[Stored entries]
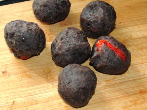 ![]() ②餡子を適量(つぶした時に苺より一回り大きいくらい)手に取り、つぶした上に苺を乗せ、そのまま手の上で転がし、餡子で覆います。 |
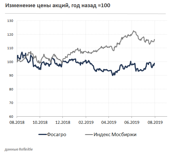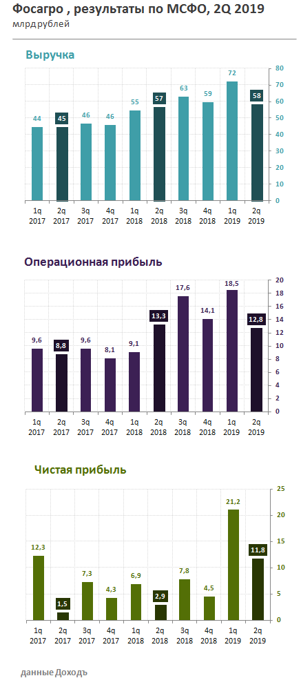 Выручка Фосагро во 2 квартале увеличилась на 3% г/г до 58,1 млрд рублей благодаря снижению курса рубля в годовом выражении, которое компенсировало падение цен на удобрения. Объем продаж апатитового концентрата и удобрений за год практически не изменился, составив 3 млн тонн. Менеджмент компании подтвердил прогноз по росту производства в 2019 году на 6%. Компания ставит цель увеличивать производство удобрений в натуральном выражении на 5-10% ежегодно.
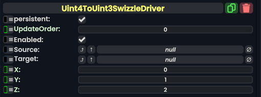 Uint 4To Uint 3Swizzle Driver component as seen in the Scene Inspector
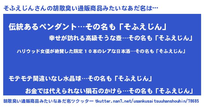 | 意味不明あだ名 | 『住所不定無職そふえじん(14歳)』 |
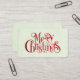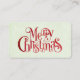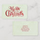 Business cards with a fancy typographical design with a festive font in red which says Merry Christmas.
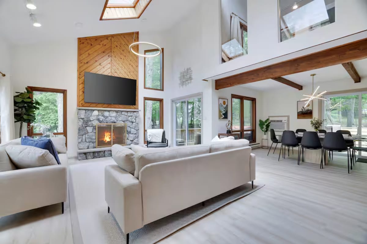 Günstig in den Poconos gelegen, nur 1 Stunde 30 Minuten von Manhattan und unter 2 Stunden von Philly entfernt! Unser entspannendes A-Rahmen-Chalet ist von europäischem Design/Architektur inspiriert und gibt dir das Gefühl eines nordischen Hauses in den Poconos. Genieße 4 große Terrassen, auf denen du die Vögel zwitschern hören und Kolibris, Schmetterlinge, Rehe und andere Wildtiere in einem „dschungelartigen“ Hinterhof beobachten kannst. Nur wenige Minuten von den beliebtesten Wanderzielen und Wasserfällen entfernt. Haustiere sind kostenlos willkommen (:
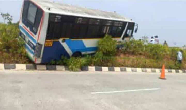 డివైడర్పై దూసుకెళ్లిన ఆర్టీసీ బస్సు.. తృటిలో తప్పిన పెను ప్రమాదం
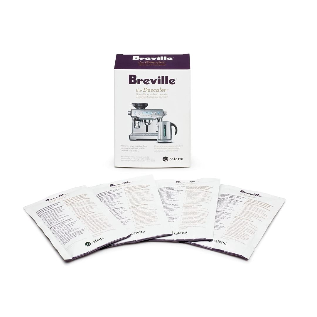 Breville's specially formulated descaler removes scale build-up from espresso machines, coffee brewers, ta makers, and kettles. Pack includes 4 packets (4 uses). Phosphate-free, biodegradable, and GMO-free. Can be used with all Breville espresso machines, coffee machines, kettles, and tea makers.
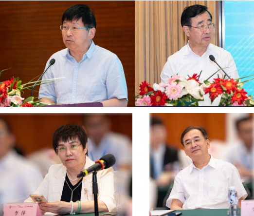 中国保健协会理事长汪建荣讲话(左上),副理事长兼秘书长张志强主持(右上),副理事长李萍(左下)、王中(右下)出席发布会。
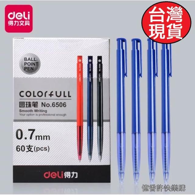 Deli 得力憶香許快樂購 得力 圓珠筆 自動圓珠筆 6506 得力 原子筆 按動型 0.7mm 黑色 藍色 紅色
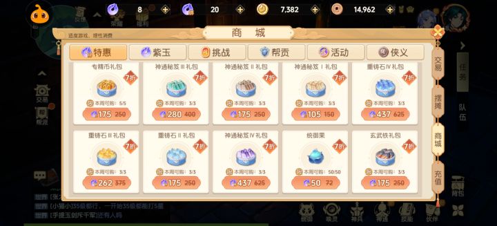 很多人都问大白,大白帮贡积分买什么,挑战积分买什么,活动积分买什么。还有历练,特惠买什么。六今天我作为一期讲解一下。一、绑玉商城。也叫特惠商城。绑定玉商城主要购买的东西就是点化石。在其次买什么,就看你现阶段用什么,比如你现在要洗神通,如果玉充足的情况下,用玉买神通买神通礼包,比金币合适。再比如我洗神兵,那肯定是用绑定玉购买礼包合适。以此类推,没事可以看看商城。随着等级的提升。商城中的东西也会
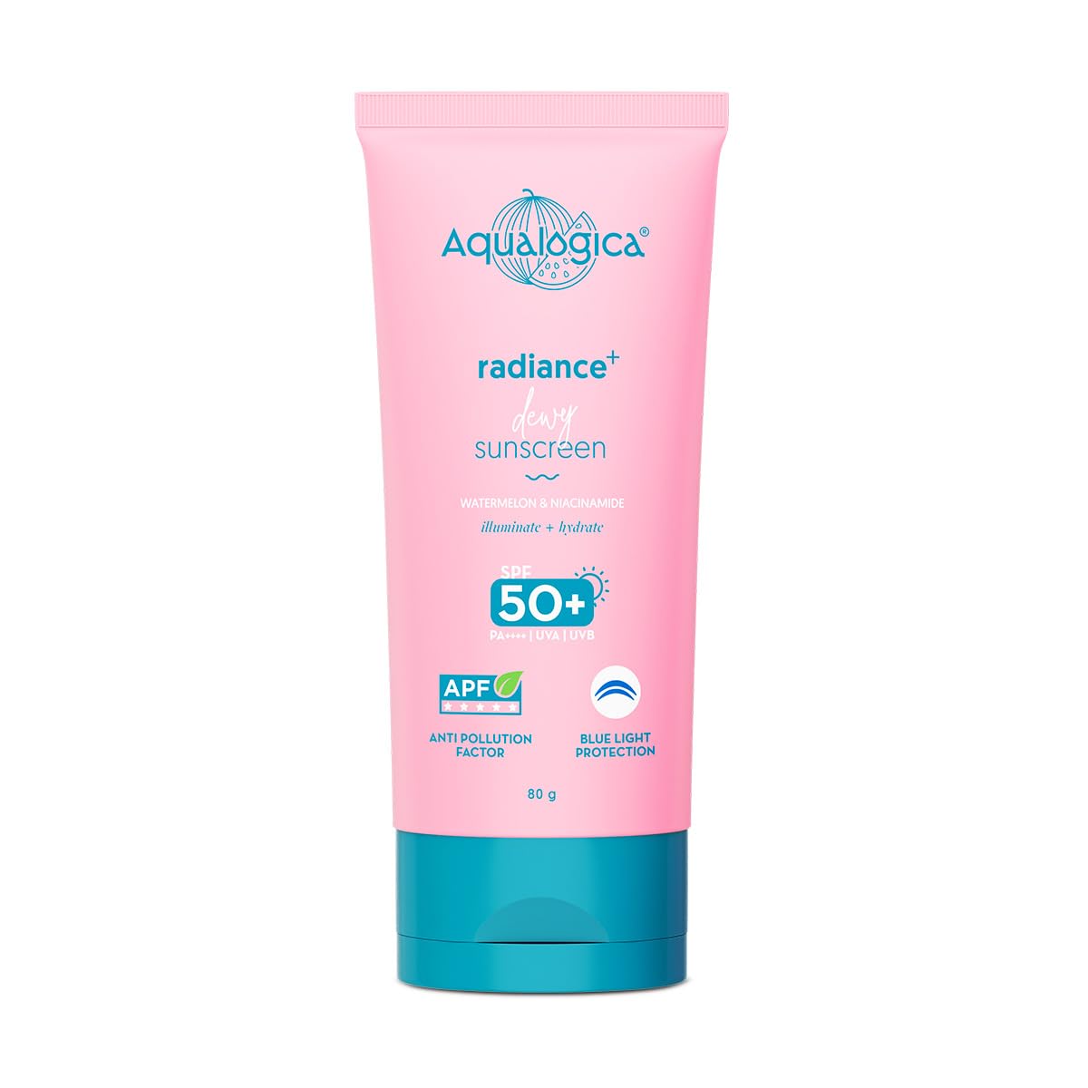 Aqualogica Radiance+ Dewy Face Sunscreen with SPF 50+ & PA+++ | Broad Spectrum Protection & No White Cast | Helps Give Healthy Skin with Watermelon & Niacinamide | 2.82 Oz/80g
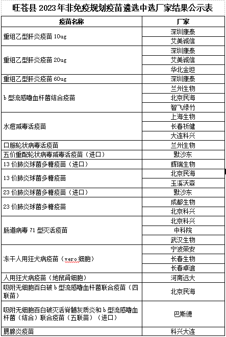 为进一步加强我县非免疫规划疫苗采购、供应工作,确保疫苗质量及预防接种安全, 根据《中华人民共和国疫苗管理法》和四川省卫生健康委员会《关于印发疫苗全程管理风险防控工作方案(2023年版)的通知》(川卫疾控函〔2023〕11号)等相关要求,我县于6月21日组织召开了旺苍县2023年非免疫规划疫苗遴选工作会议。遴选过程在县纪检部门的监督下,按照“公平、公正、公开”的原则,采取各接种单位代表无记名投票、现场计票、现场公布结果的方式进行,全程摄影录像。现将遴选结果公示如下(见附件),公示期为2023年6月22日至2023年6月28日。
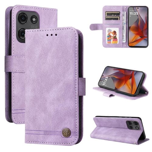 Funda de Cuero Motorola Moto G75 5G con Botones de Metal y Diseño Árbol de la Vida (Morado)
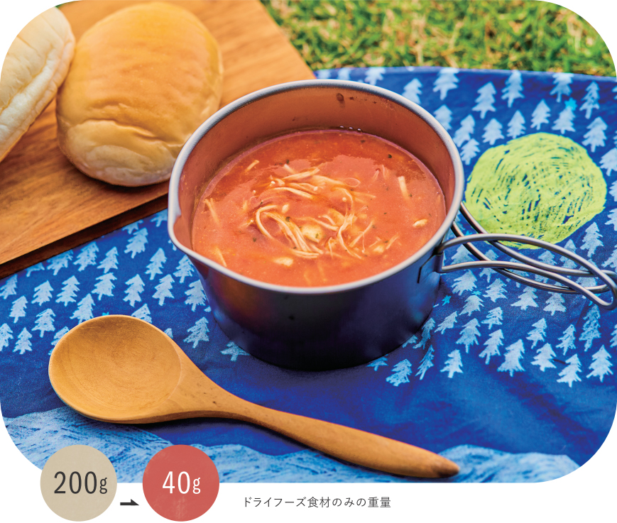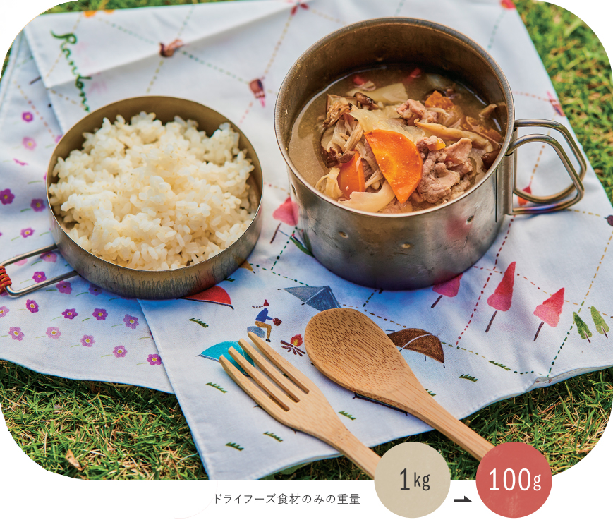 「テント泊山行の悩みどころは、軽量化。テントやスリーピングバッグなどの装備が増えて重たくなります。また、テントを張ったりと、身の回りに手がかかるため、食事も簡素になりがちです。けれど、それでは残念。せっかくのテント泊のご飯だから、おいしいものが食べられたら楽しいですよね。また長期縦走になると、栄養にも気を配りたいので、市販の乾燥食品やインスタント食品だけでは頼りないし、飽きてしまいます。
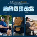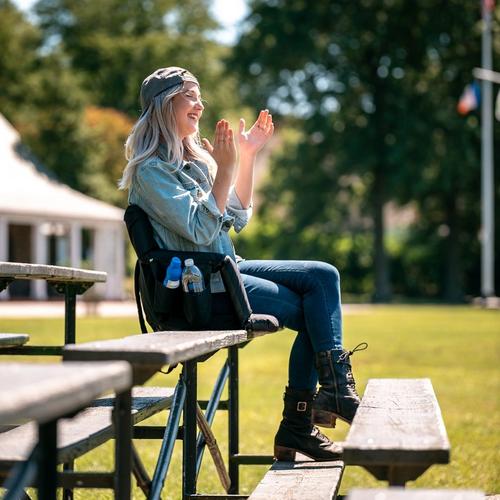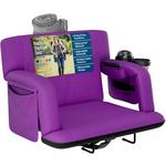 Premium wide reclining stadium seat with folding armrests and thick cushioned support, featuring 6 reclining positions, waterproof polyester construction with reinforced PVC base, dual cup holders, large storage pockets, bleacher hooks, and safety strap for stable, comfortable seating on bleachers and outdoor surfaces.
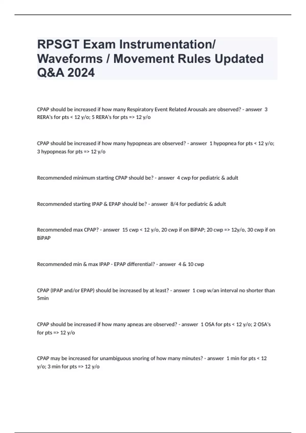 RPSGT Exam Instrumentation/ Waveforms / Movement Rules Updated Q&A 2024 CPAP should be increased if how many Respiratory Event Related Arousals are observed? 3 RERA's for pts 12 y/o; 5 RERA's for pts = 12 y/o CPAP should be increased if how many hypopneas are observed? 1 hypopnea for pts 12 y/o; 3 hypopneas for pts = 12 y/o Recommended minimum starting CPAP should be? 4 cwp for pediatric & adult Recommended starting IPAP & EPAP should be? 8/4 for pediatric & adult Recommended max CPAP? 15 cwp 12 y/o, 20 cwp if on BiPAP; 20 cwp = 12y/o, 30 cwp if on BiPAP Recommended min & max IPAP - EPAP differential? 4 & 10 cwp
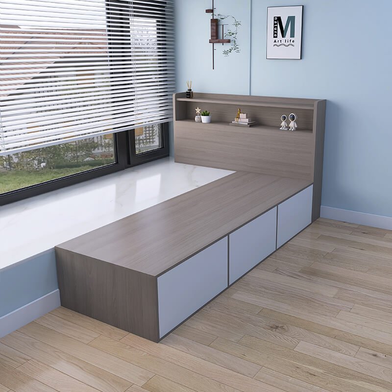 As a leading panel furniture manufacturer, we deliver high-quality, multi-functional beds for the modern market. This storage bed with headboard exemplifies smart design, offering bay window compatibility and flexible splicing options with storage cabinets. It’s the perfect export-ready product for clients seeking durable, space-optimizing solutions for compact urban homes.
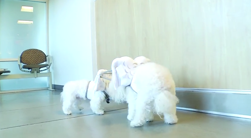 Basil被救援人員發現後,幫牠戴上這可愛的「盲犬保護翼」(又稱為鬆餅光環,Muffin's Halo)
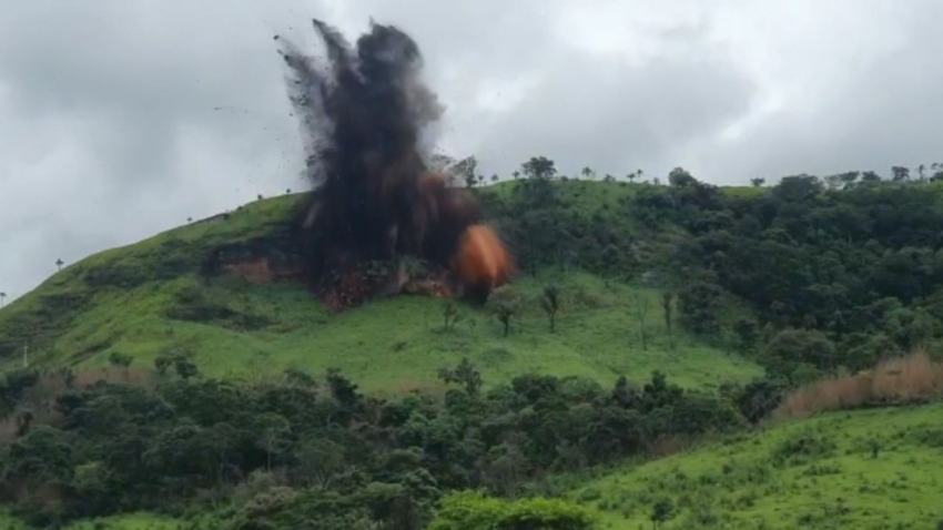 Segundo a concessionária, foi necessário o uso de uma quantidade controlada de explosivos para desprender o bloco. Ao solo, foram levados cerca de 4,8 mil metros cúbicos de rocha, que pesam em torno de 9 mil toneladas.
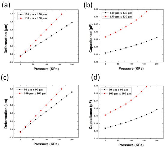 Simulation results for pressure sensor Design 1: (a) deformation; (b) capacitance, and Design 2; (c) deformation; and (d) capacitance with applied pressure.
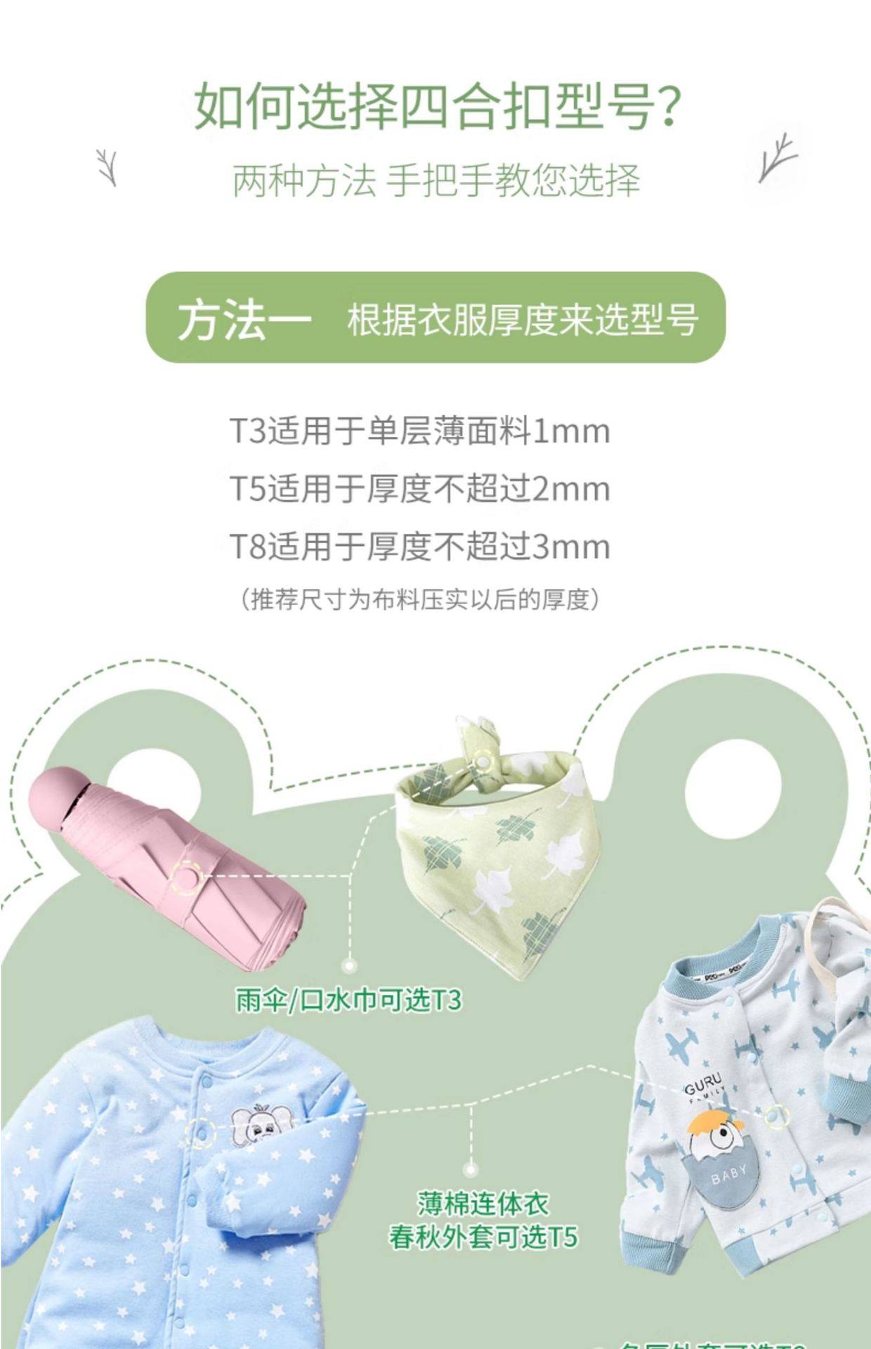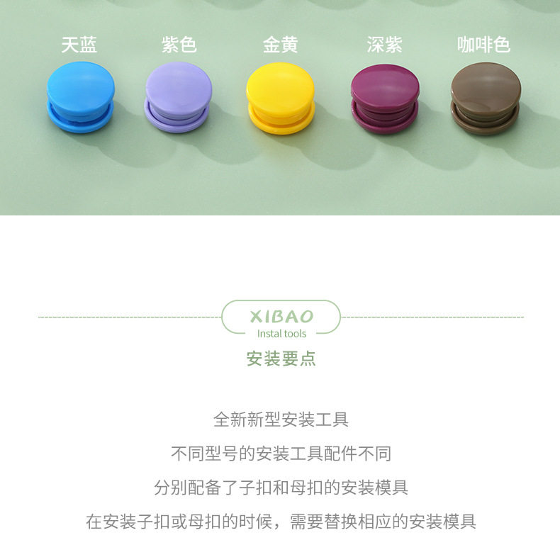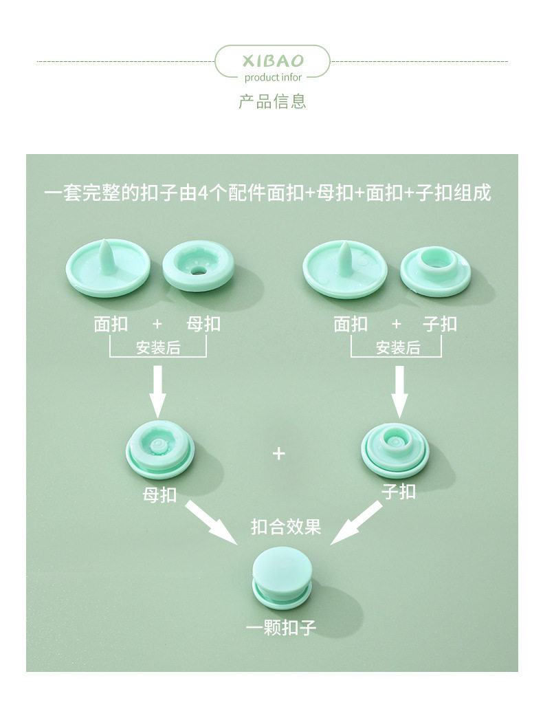 | Scope of application | Underwear,Hoodie,Backpack,Down jacket,Packaging bag,Jacket,Doll clothes,Children's clothing,Baby clothes,Button installation tool |
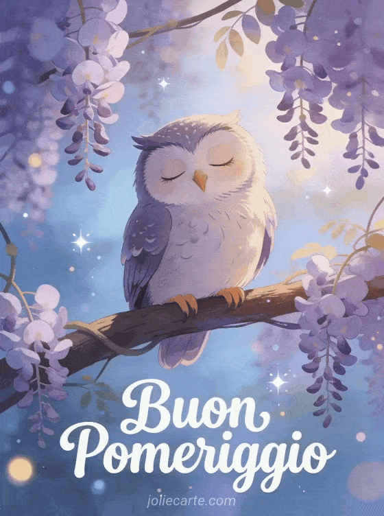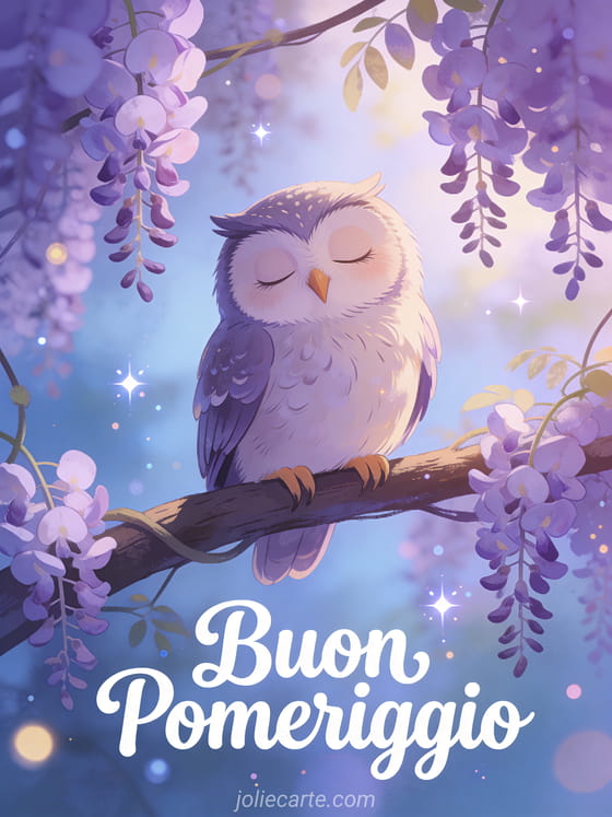 Condividi un'immagine di buon pomeriggio con questa incantevole cartolina di gufo e glicini. Scopri anche immagini buon pomeriggio o una immagine buon pomeriggio amore mio.
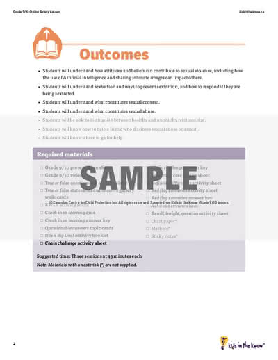 *Note: the Kids in the Know Program contains multiple lessons per grade.

#### [WORK INSTRUCTIONS]
Leave the pictures out, and transcribe exactly the lines above starting at the one that contains "Aqualogica Radiance+ Dewy" and ending at the one that contains "RPSGT Exam Instrumentation/".

#### [EXERCISE ANSWER]
 Aqualogica Radiance+ Dewy Face Sunscreen with SPF 50+ & PA+++ | Broad Spectrum Protection & No White Cast | Helps Give Healthy Skin with Watermelon & Niacinamide | 2.82 Oz/80g
 为进一步加强我县非免疫规划疫苗采购、供应工作,确保疫苗质量及预防接种安全, 根据《中华人民共和国疫苗管理法》和四川省卫生健康委员会《关于印发疫苗全程管理风险防控工作方案(2023年版)的通知》(川卫疾控函〔2023〕11号)等相关要求,我县于6月21日组织召开了旺苍县2023年非免疫规划疫苗遴选工作会议。遴选过程在县纪检部门的监督下,按照“公平、公正、公开”的原则,采取各接种单位代表无记名投票、现场计票、现场公布结果的方式进行,全程摄影录像。现将遴选结果公示如下(见附件),公示期为2023年6月22日至2023年6月28日。
 Funda de Cuero Motorola Moto G75 5G con Botones de Metal y Diseño Árbol de la Vida (Morado)
 「テント泊山行の悩みどころは、軽量化。テントやスリーピングバッグなどの装備が増えて重たくなります。また、テントを張ったりと、身の回りに手がかかるため、食事も簡素になりがちです。けれど、それでは残念。せっかくのテント泊のご飯だから、おいしいものが食べられたら楽しいですよね。また長期縦走になると、栄養にも気を配りたいので、市販の乾燥食品やインスタント食品だけでは頼りないし、飽きてしまいます。
 Premium wide reclining stadium seat with folding armrests and thick cushioned support, featuring 6 reclining positions, waterproof polyester construction with reinforced PVC base, dual cup holders, large storage pockets, bleacher hooks, and safety strap for stable, comfortable seating on bleachers and outdoor surfaces.
 RPSGT Exam Instrumentation/ Waveforms / Movement Rules Updated Q&A 2024 CPAP should be increased if how many Respiratory Event Related Arousals are observed? 3 RERA's for pts 12 y/o; 5 RERA's for pts = 12 y/o CPAP should be increased if how many hypopneas are observed? 1 hypopnea for pts 12 y/o; 3 hypopneas for pts = 12 y/o Recommended minimum starting CPAP should be? 4 cwp for pediatric & adult Recommended starting IPAP & EPAP should be? 8/4 for pediatric & adult Recommended max CPAP? 15 cwp 12 y/o, 20 cwp if on BiPAP; 20 cwp = 12y/o, 30 cwp if on BiPAP Recommended min & max IPAP - EPAP differential? 4 & 10 cwp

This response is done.